Thank God with first fruits.
Moses told the people: “The priest shall then receive the basket from you and shall set it in front of the altar of the Holy One, your God. Then you shall declare before the Holy One, your God, ‘My parents were wandering Arameans who went down to Egypt with a small household and lived there as aliens. But there they became a nation great, strong, and numerous.
‘When the Egyptians maltreated and oppressed us, imposing hard labor upon us, we cried to the Holy One, the God of our ancestors, and God heard our cry and saw our affliction, our toil, and our oppression.
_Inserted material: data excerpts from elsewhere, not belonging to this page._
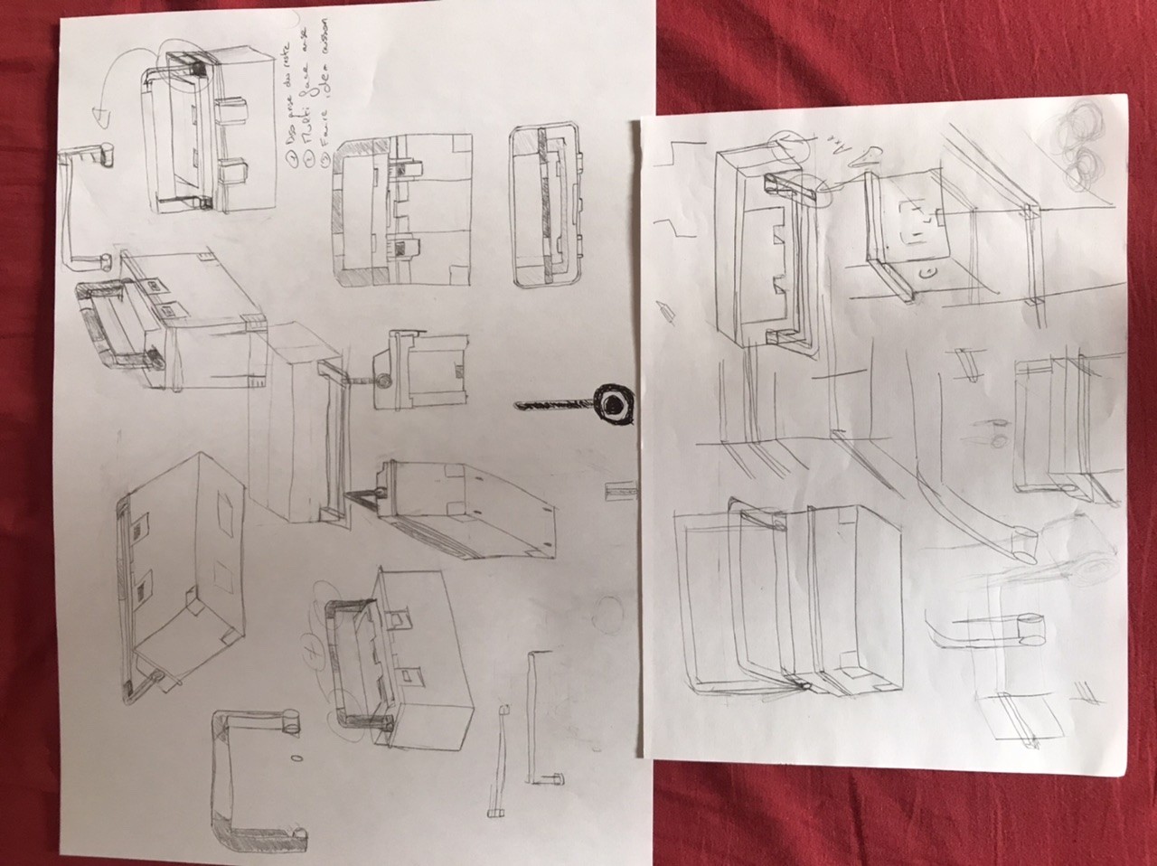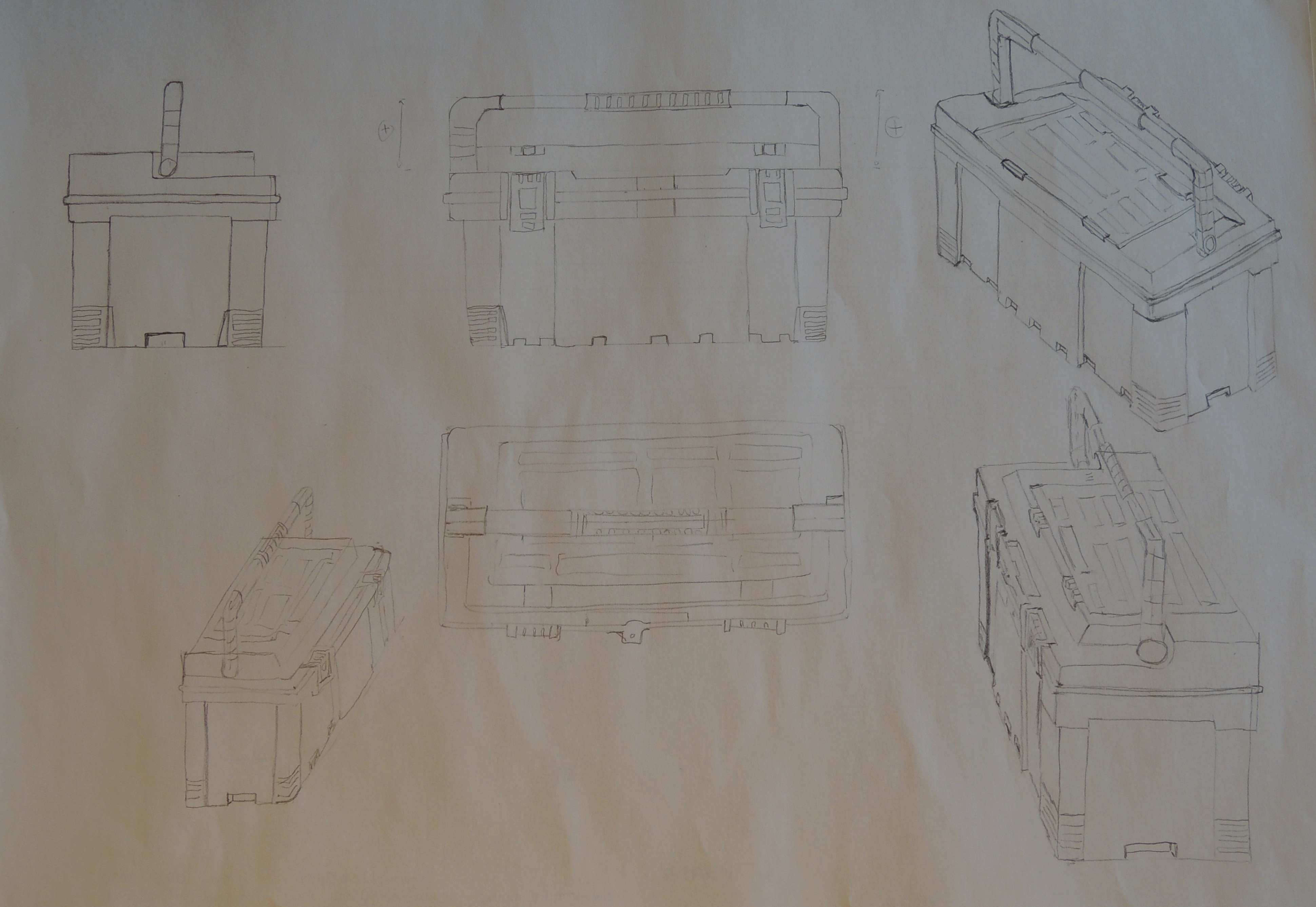 Mais si tu veux un conseil pour mieux gérer la profondeur et la mise en perspective des objets : prends du temps au départ, quand tu traces ton rectangle initial en perspective et que tu montes les hauteurs. Avant de continuer, imagine ta caisse à outils finie, et regarde si tes proportions sont bonnes. Je pense que la longueur est bonne vue tes études, mais pas la largeur. La caisse est plus fine que ça sur ta première planche, c'est ça qui a pêché.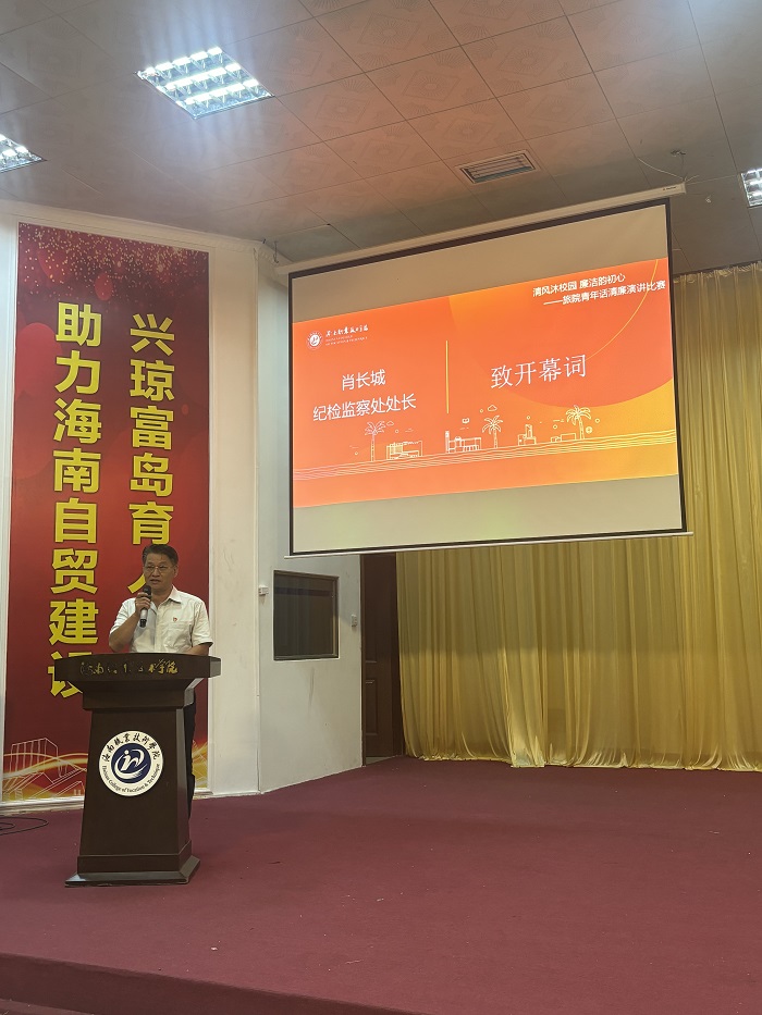 为深入贯彻省委关于推进清廉自贸港部署要求,引导师生夯实清正廉洁思想根基、厚植廉洁文化基础,我校旅游学院党总支于6月17日晚在学术报告厅举办“清风沐校园 廉韵润初心”青年话清廉主题演讲比赛。学校纪检监察处处长肖长城出席活动并致开幕词,党委宣传部部长刘炜、旅游学院党总支书记符国繁为获奖选手颁奖。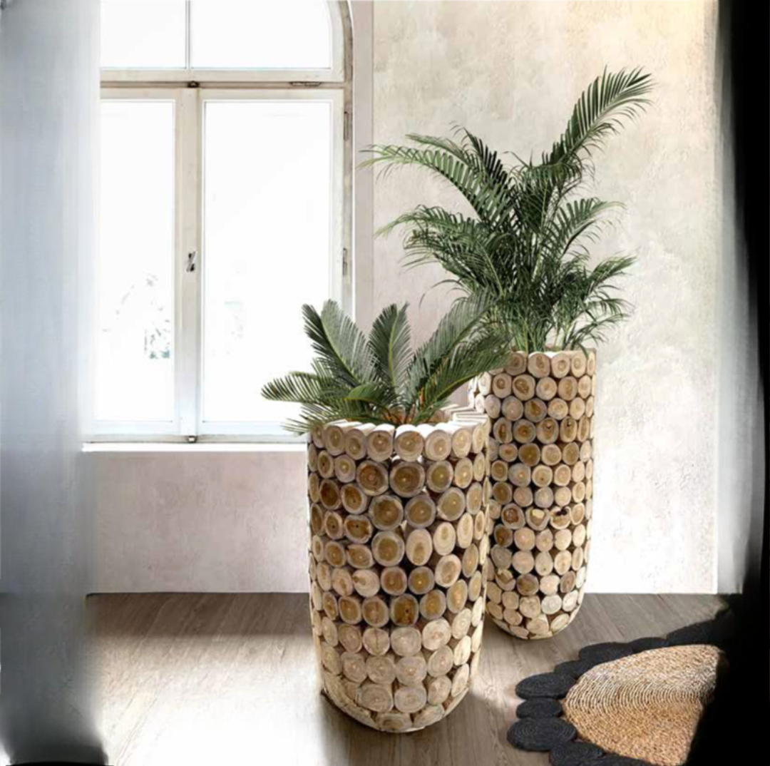 Detta Sambo Big Pot teak är tillverkat av återvunna grenar från teakträdet och förvandlar överblivet virke till ett funktionellt konstverk. Skickliga hantverkare monterar varje bord för hand, där träets naturliga former och ådringar får styra det slutliga uttrycket. Resultatet är ett miljövänligt bord som tillför genuin, organisk charm till varje rum – en perfekt kombination av hållbarhet och hantverk.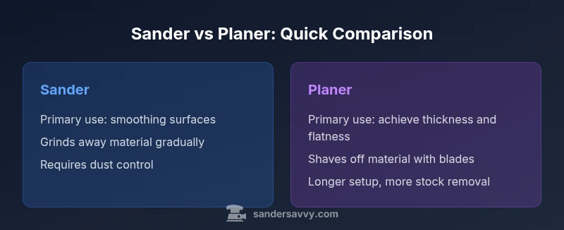 In woodworking, a sander is a handheld or benchtop tool that uses abrasive surfaces to remove material and smooth a surface. A planer, by contrast, uses knives on a rotating cutterhead to shave thin layers off a board, bringing it to a consistent thickness. Understanding their core function is essential for choosing the right tool for a job. According to SanderSavvy, the distinction often comes down to one simple question: Are you trying to remove material quickly or achieve a precise thickness and flatness? Sanders span from light finishing to aggressive stock removal, while planers excel at flattening and preparing boards for joinery. The right choice depends on the surface you’re working with and the stage of your project.
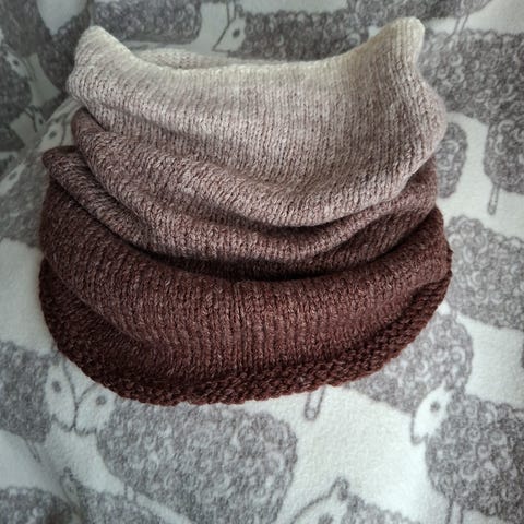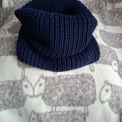 Uusi itseneulettu lämmin kauluri/tuubihuivi. Pehmeä merinovilla ja lurex. Koko 26×44cm.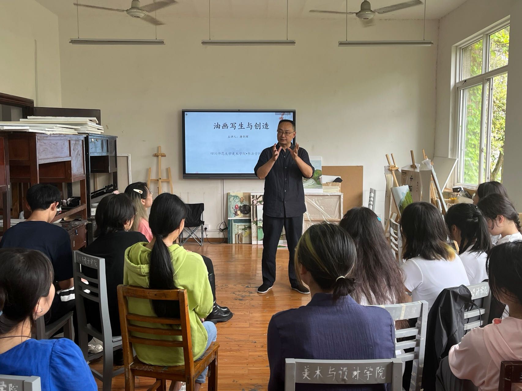 本网讯(文、图/刘桐江、任自林)在庆祝卡塔尔世界杯决赛波胆预测 高等教育办学45周年之际,美术与设计学院特邀校友导师、四川师范大学美术学院书法学院副院长、硕士研究生导师唐剑辉,中国美术家协会理事黄云飞来校开展专业讲座并现场做示范画。讲座于4月20日15:30分别在致远楼300教室、305教室举行,由美术与设计学院副院长熊火花主持,油画教研室部分教师,2021级、2022级美术学专业同学参加了讲座。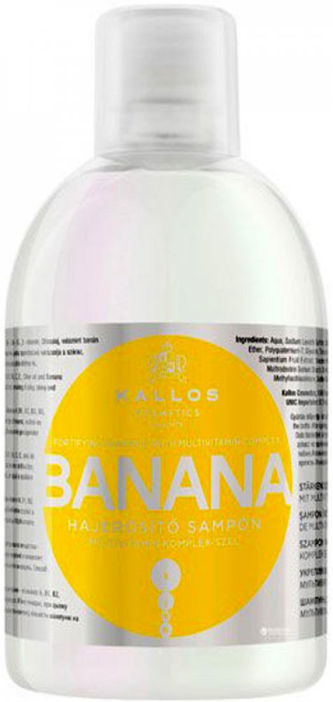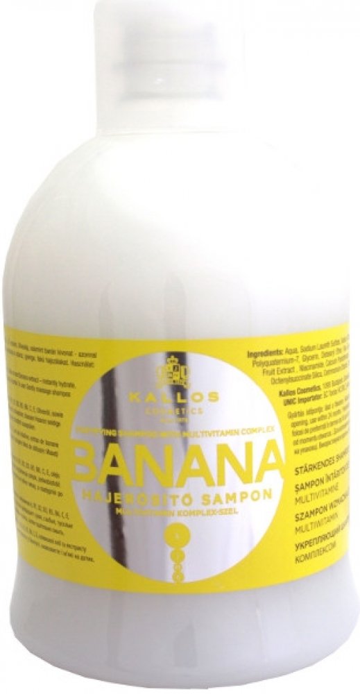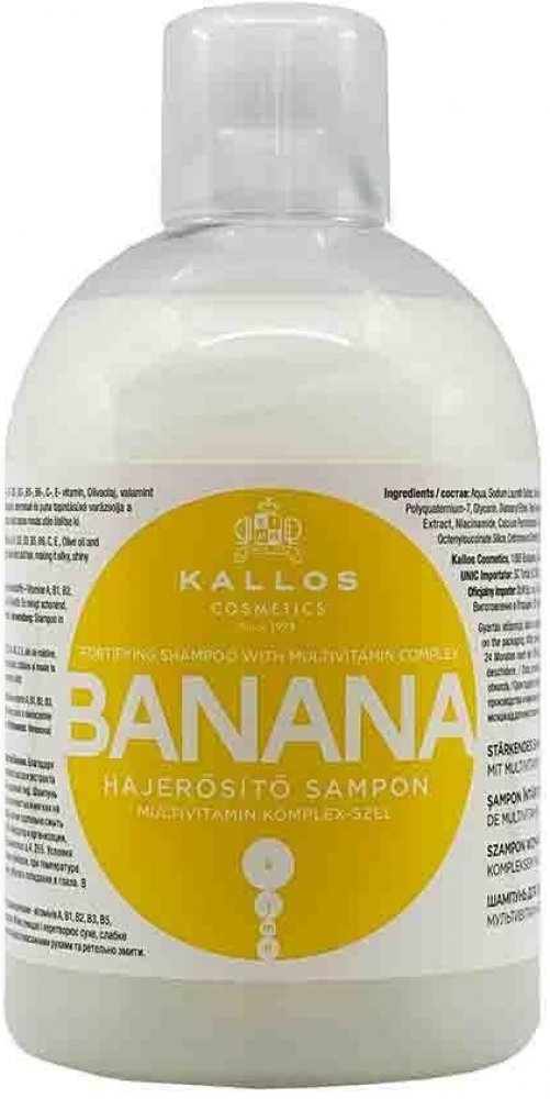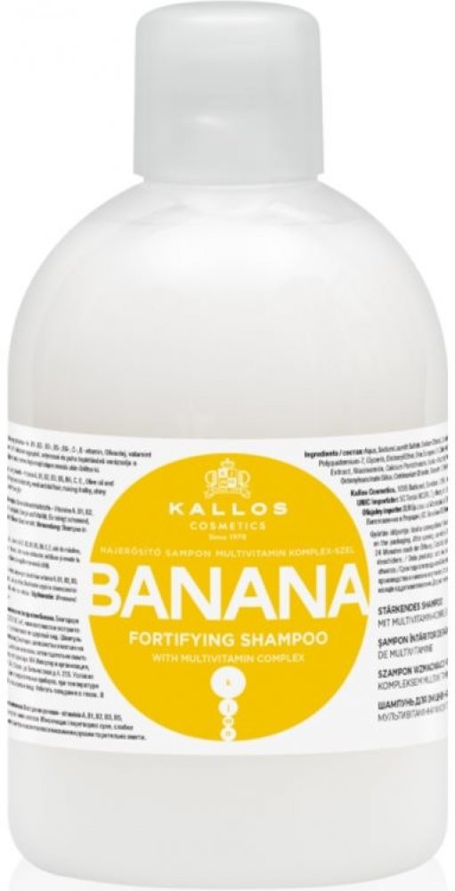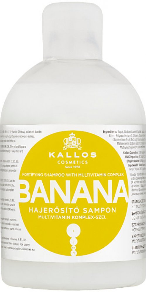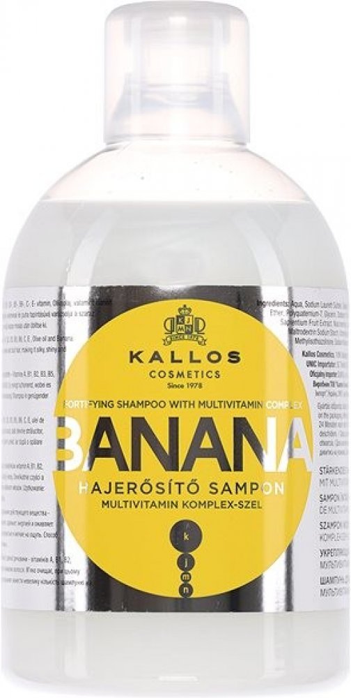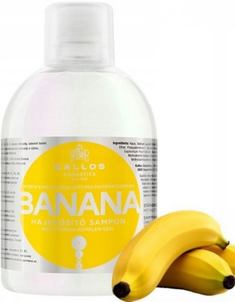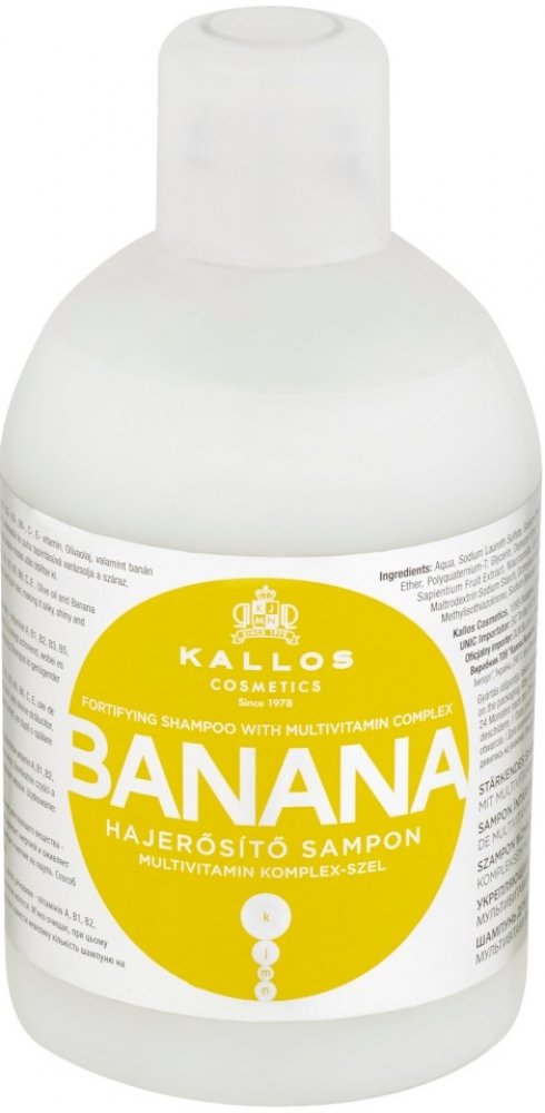 Kallos dámské pro oslabené vlasy 1000 ml Kallos na všechny typy pokožky tekuté 1150 g pro salon/velké balení (300+ ml) banánový extrakt, olivový olej, vitaminy a b c e

God brought us out of Egypt with a strong hand and outstretched arm, with terrifying power, with signs and wonders; and bringing us into this country, God gave us this land flowing with milk and honey. Therefore I have now brought you the first fruits of the products of the soil which you, O Holy One, have given me.’
“And having set them before the Holy One, your God, you shall bow down in God’s presence. Then you and your family, together with the Levite and the aliens who live among you, shall make merry over all these good things which the Holy One, your God, has given you.”
Deuteronomy 26.4-10
- How do you make gratitude part of your daily life?